Um estampido alto ressoou por todos os pedregulhos que havia por ali, como se vários disparos tivessem acontecido. George arregalou os olhos, assustado e tentou gritar, mas apenas um gorgolejo mudo deixou sua garganta. Ele cambaleou dois passos, à procura de quem havia atirado.

Thomas olhou para a mesma direção, estupefato. Erica estava ajoelhada, sentada sobre os próprios pés e segurava o revolver de seu pai enquanto o cano fumegava. Ela gritava em prantos doloridos.

Um gorgolejar nauseabundo veio da direção de Jonathan, tirando Thomas de seu estupor. Ele se esforçou para se levantar e ir até ele.

Seus olhos estavam vidrados no céu acima. Ele segurava, entre os dedos, um pingente azul em um cordão partido de prata. Seu peito sangrava e ele tentava dizer algo, sem forças para expulsar o ar de seu pulmão perfurado.

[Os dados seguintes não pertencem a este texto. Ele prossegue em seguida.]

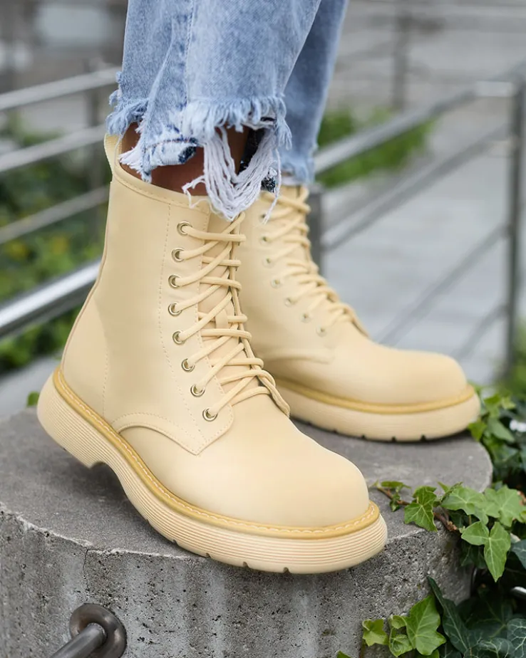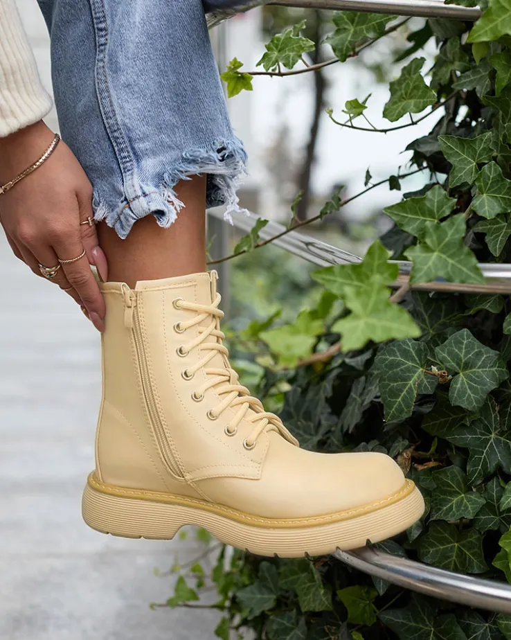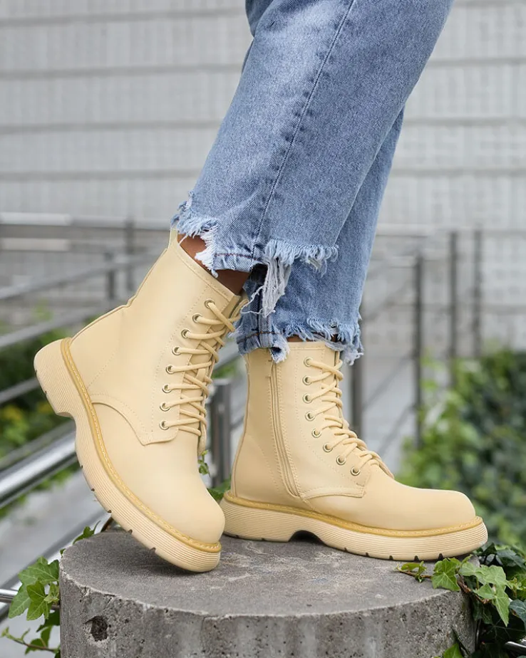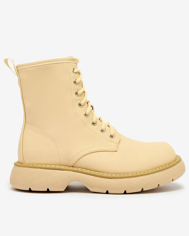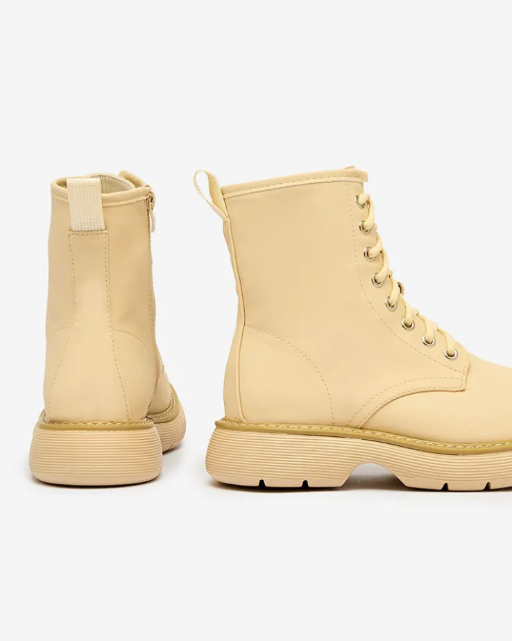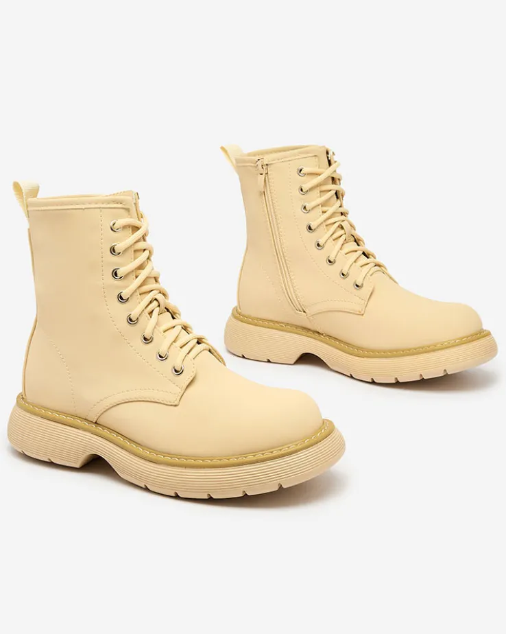 - Wyjątkowe damskie botki wykonane ze skóry ekologicznej matowej oraz eko skórzanej wkładki. Model sznurowany i zapinany na suwak. Wygodny płaski obcas i grubsza podeszwa to idealne połączenie na co dzień!

Thomas aproximou o ouvido de sua boca, pressionando o ferimento para tentar conter o sangramento. As lágrimas vertiam de seus olhos, descontroladas. Ele se sentia completamente impotente por, além de não saber o que fazer, ter envolvido o amigo em tudo aquilo.

— Não, não, não, não. – Ele repetiu, como um mantra. – Não faz isso comigo, cara.

— E...va. – A voz saía baixinha, à base de muito esforço. – Eva.

Uma sirene se fez ouvir lá do alto, na estrada, de onde um amontoado de pessoas olhavam, boquiabertas. Alguns desciam, cautelosos. A ajuda estava chegando.